▶ [DATA BELOW]:

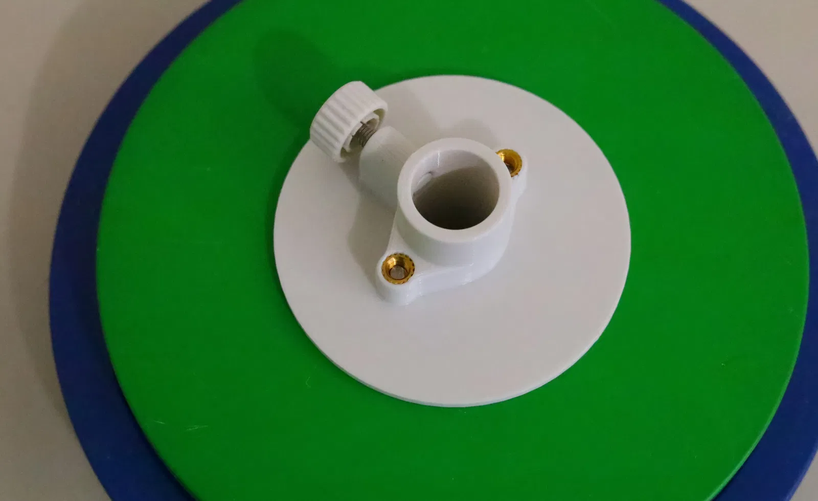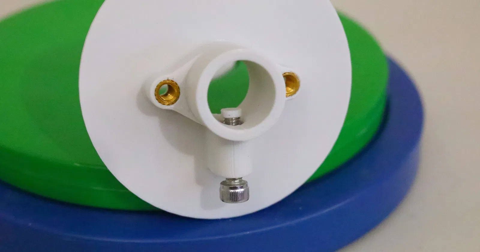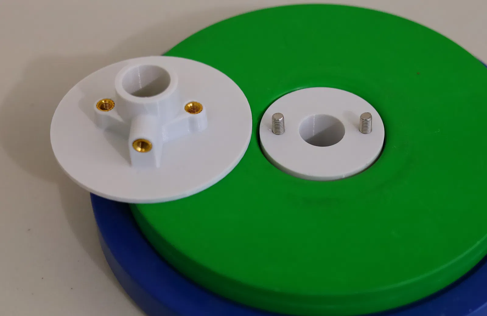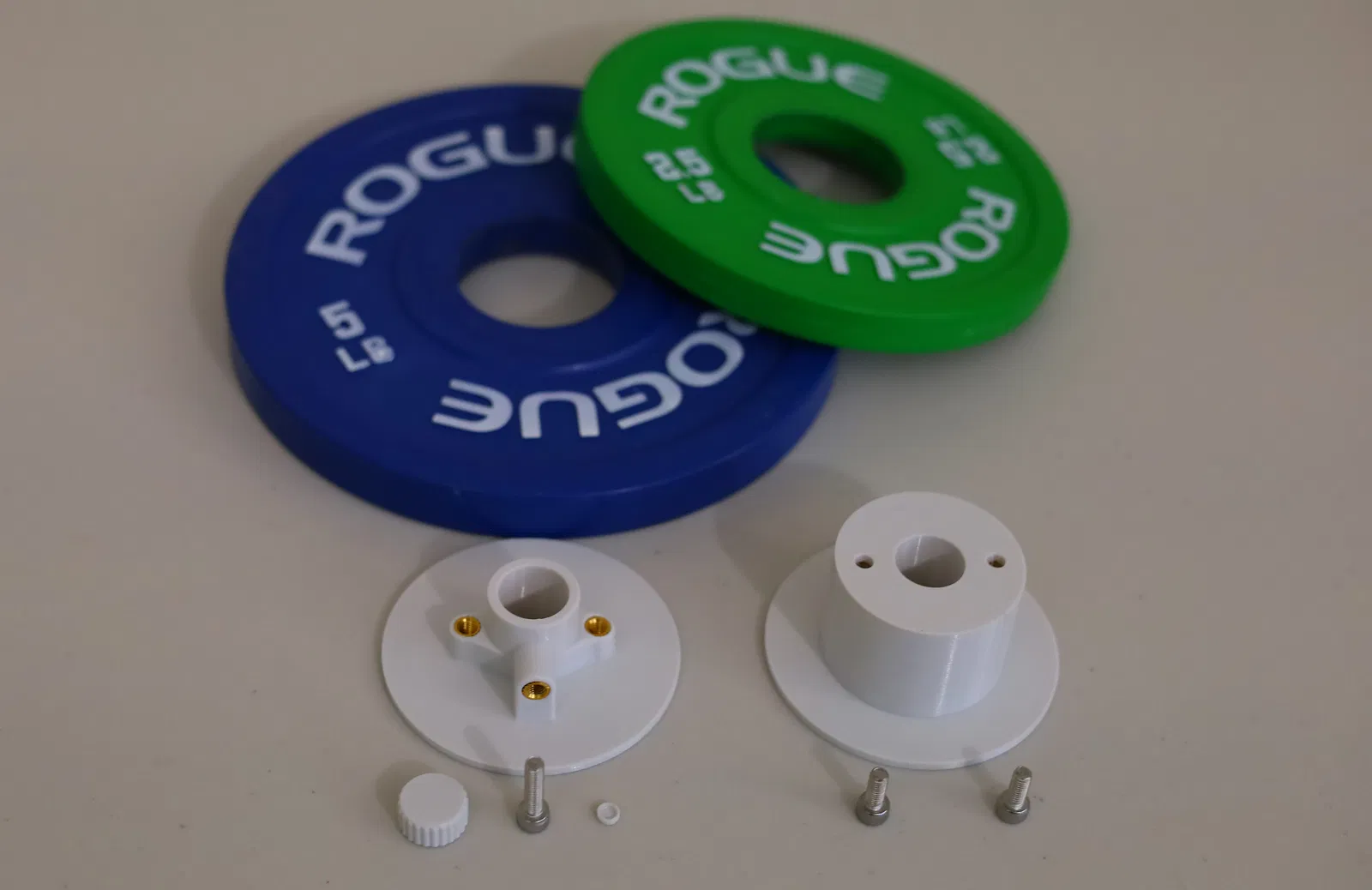 Nhập cái adapter cho đĩa tạ này. Về vật liệu cần thiết, nó dùng ba con vít M5x0.8 đầu lục giác (hai con dài 12mm, một con dài 20mm), và ba cái đai ốc ren xoắn M5 từ CNC Kitchen. Nó được thiết kế để in dễ dàng, nên không có gì bất ngờ cả.
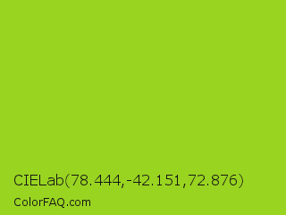 CIELab 78.444,-42.151,72.876 Color is a normal green color and the nearest color is Atlantis #97cd2d. Hex code #99d421 and RGB value is rgb(153,212,33). In RGB color space, this color is composed of 60% red, 83% green, 13% blue, In CMYK color space, this color is composed of 28% cyan, 0% magenta, 84% yellow , 17% black , In HSL color space, this color has a hue angle of 80° , 73% saturation and 48% lightness.
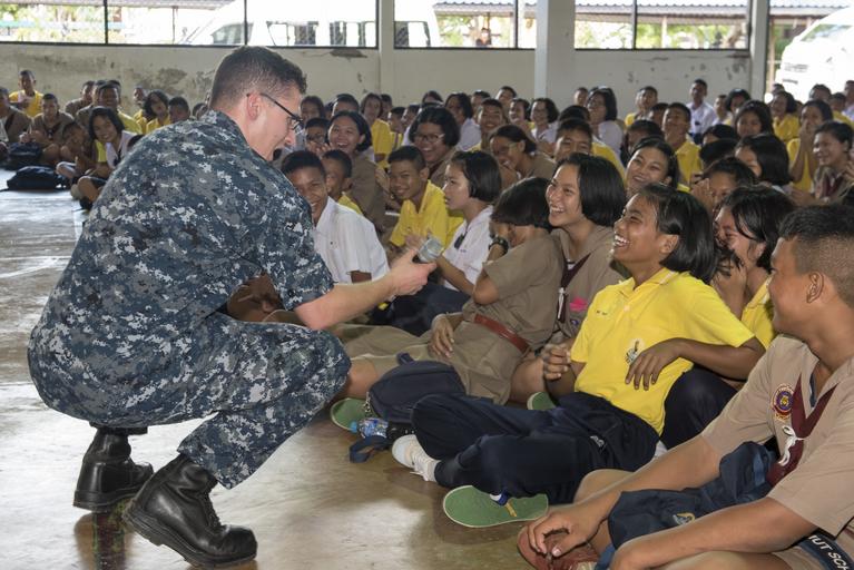 Keywords: 160620-N-OU129-027 160620-N-OU129-144.jpg en 160620-N-OU129-144 SATTAHIP Thailand June 20 2016 Musician 3rd Class Holden Moyer from the 7th Fleet Rock Band Orient Express sings with students during a joint rock concert with the Royal Thai Marine Corps Band at Singsamut School during Cooperation Afloat Readiness and Training CARAT Thailand 2016 CARAT is a series of annual maritime exercises between the U S Navy U S Marine Corps and the armed forces of nine partner nations to include Bangladesh Brunei Cambodia Indonesia Malaysia the Philippines Singapore Thailand and Timor-Leste U S Navy photo by Mass Communication Specialist 2nd Class Joshua Fulton/Released <br>Unit Commander Logistics Group Western Pacific 2016-06-20 Petty Officer 2nd Class Joshua Fulton https //www dvidshub net/image/2673710/160620-n-ou129-027 160620-N-OU129-144 2016-06-20 06 17 TH PD-USGov-Military-Navy Sattahip The Orient Express U S Navy 7th Fleet Band Images from DoD uploaded by Fæ |

▶ [TASK ITEM]: Set out exactly, and only, the lines between the first line of the listing and the line containing "CIELab 78.444,-42.151,72.876 Color", counting both, while leaving every picture out.

▶ [EXERCISE ANSWER]:
 Nhập cái adapter cho đĩa tạ này. Về vật liệu cần thiết, nó dùng ba con vít M5x0.8 đầu lục giác (hai con dài 12mm, một con dài 20mm), và ba cái đai ốc ren xoắn M5 từ CNC Kitchen. Nó được thiết kế để in dễ dàng, nên không có gì bất ngờ cả.
 CIELab 78.444,-42.151,72.876 Color is a normal green color and the nearest color is Atlantis #97cd2d. Hex code #99d421 and RGB value is rgb(153,212,33). In RGB color space, this color is composed of 60% red, 83% green, 13% blue, In CMYK color space, this color is composed of 28% cyan, 0% magenta, 84% yellow , 17% black , In HSL color space, this color has a hue angle of 80° , 73% saturation and 48% lightness.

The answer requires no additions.